* **Exercise directions**: A verbatim copy is needed of the lines below from the one containing "4️⃣ Притисніть вогнегасник" up to and including the one containing "在一般我們見到的汽車音響系統", excluding pictures.

* **Source information**:
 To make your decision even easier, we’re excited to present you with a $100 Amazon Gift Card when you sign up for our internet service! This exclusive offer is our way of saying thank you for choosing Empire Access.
* * *
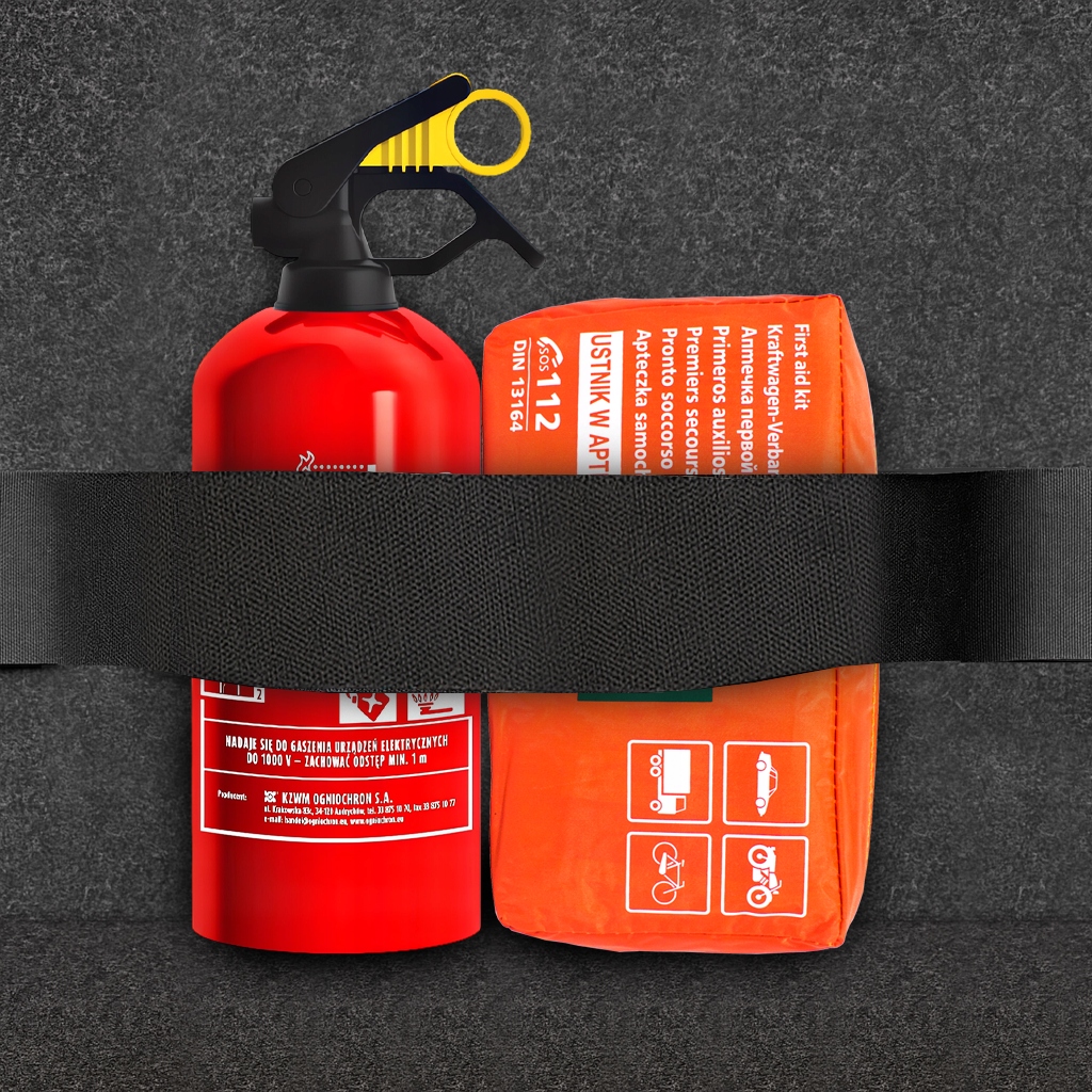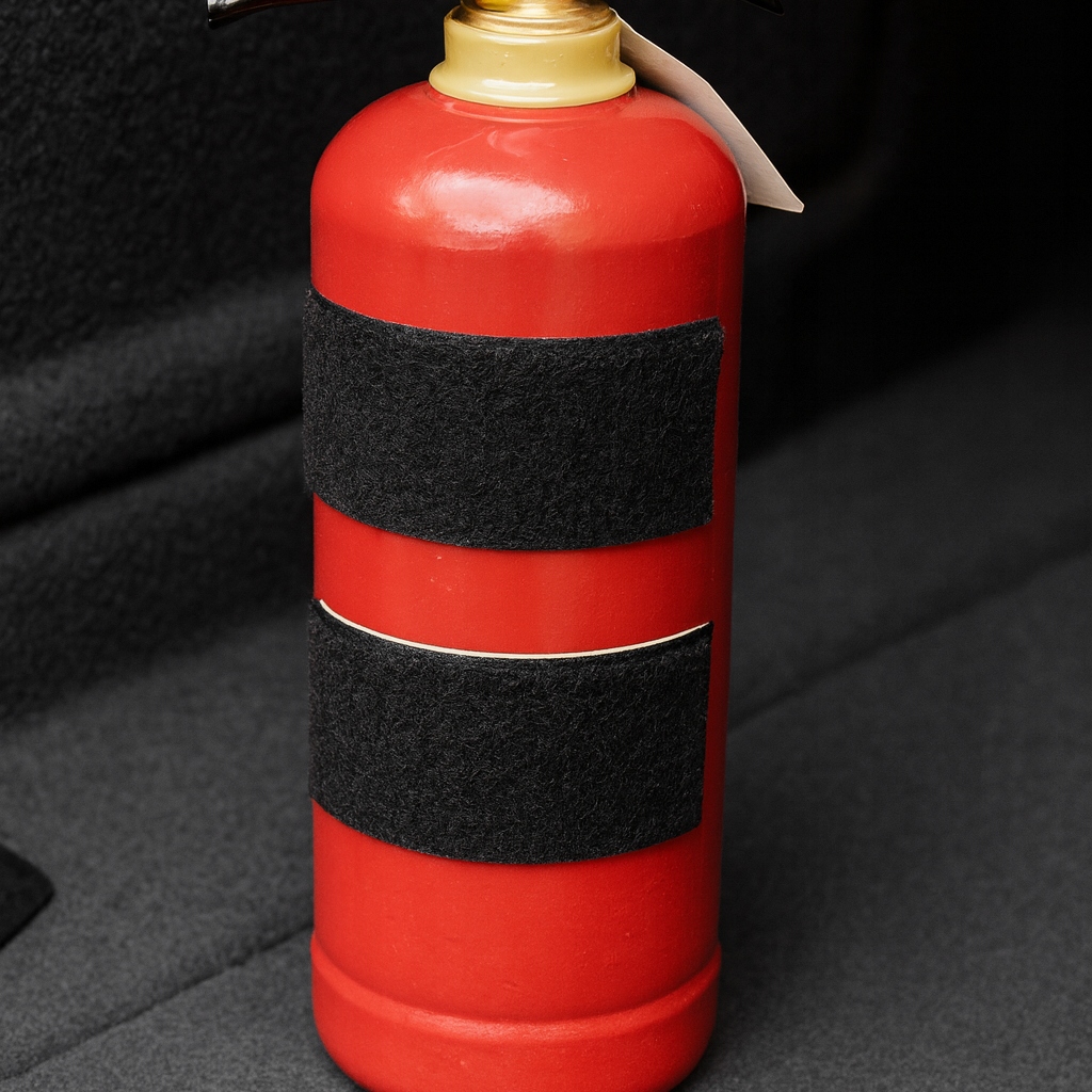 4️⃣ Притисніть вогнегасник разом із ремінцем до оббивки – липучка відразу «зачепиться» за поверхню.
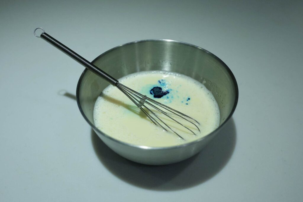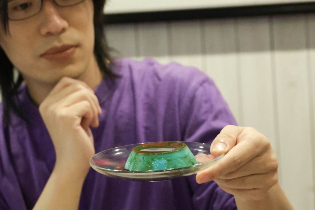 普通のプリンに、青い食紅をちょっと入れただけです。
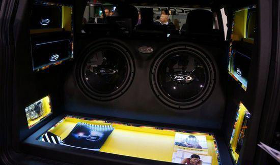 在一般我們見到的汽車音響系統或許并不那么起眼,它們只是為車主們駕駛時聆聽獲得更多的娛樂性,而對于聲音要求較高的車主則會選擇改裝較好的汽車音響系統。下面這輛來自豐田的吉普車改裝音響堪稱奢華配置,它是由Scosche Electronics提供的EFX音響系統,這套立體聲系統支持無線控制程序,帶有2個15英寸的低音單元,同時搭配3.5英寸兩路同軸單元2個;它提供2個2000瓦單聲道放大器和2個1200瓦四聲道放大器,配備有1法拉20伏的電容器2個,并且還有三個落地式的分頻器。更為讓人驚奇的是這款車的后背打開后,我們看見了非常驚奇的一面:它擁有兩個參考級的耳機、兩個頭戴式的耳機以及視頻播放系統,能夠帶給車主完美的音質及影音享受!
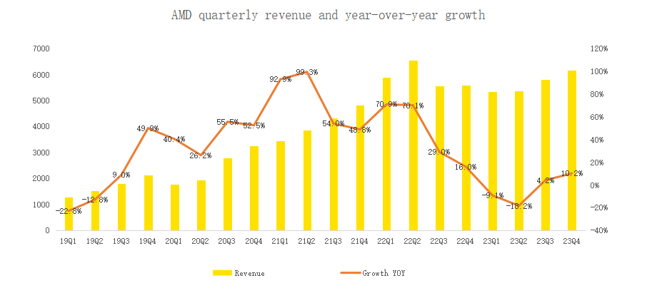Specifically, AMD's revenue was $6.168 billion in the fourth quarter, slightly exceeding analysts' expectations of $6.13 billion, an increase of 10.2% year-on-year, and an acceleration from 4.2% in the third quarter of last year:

* **Task solution**:
 4️⃣ Притисніть вогнегасник разом із ремінцем до оббивки – липучка відразу «зачепиться» за поверхню.
 普通のプリンに、青い食紅をちょっと入れただけです。
 在一般我們見到的汽車音響系統或許并不那么起眼,它們只是為車主們駕駛時聆聽獲得更多的娛樂性,而對于聲音要求較高的車主則會選擇改裝較好的汽車音響系統。下面這輛來自豐田的吉普車改裝音響堪稱奢華配置,它是由Scosche Electronics提供的EFX音響系統,這套立體聲系統支持無線控制程序,帶有2個15英寸的低音單元,同時搭配3.5英寸兩路同軸單元2個;它提供2個2000瓦單聲道放大器和2個1200瓦四聲道放大器,配備有1法拉20伏的電容器2個,并且還有三個落地式的分頻器。更為讓人驚奇的是這款車的后背打開后,我們看見了非常驚奇的一面:它擁有兩個參考級的耳機、兩個頭戴式的耳機以及視頻播放系統,能夠帶給車主完美的音質及影音享受!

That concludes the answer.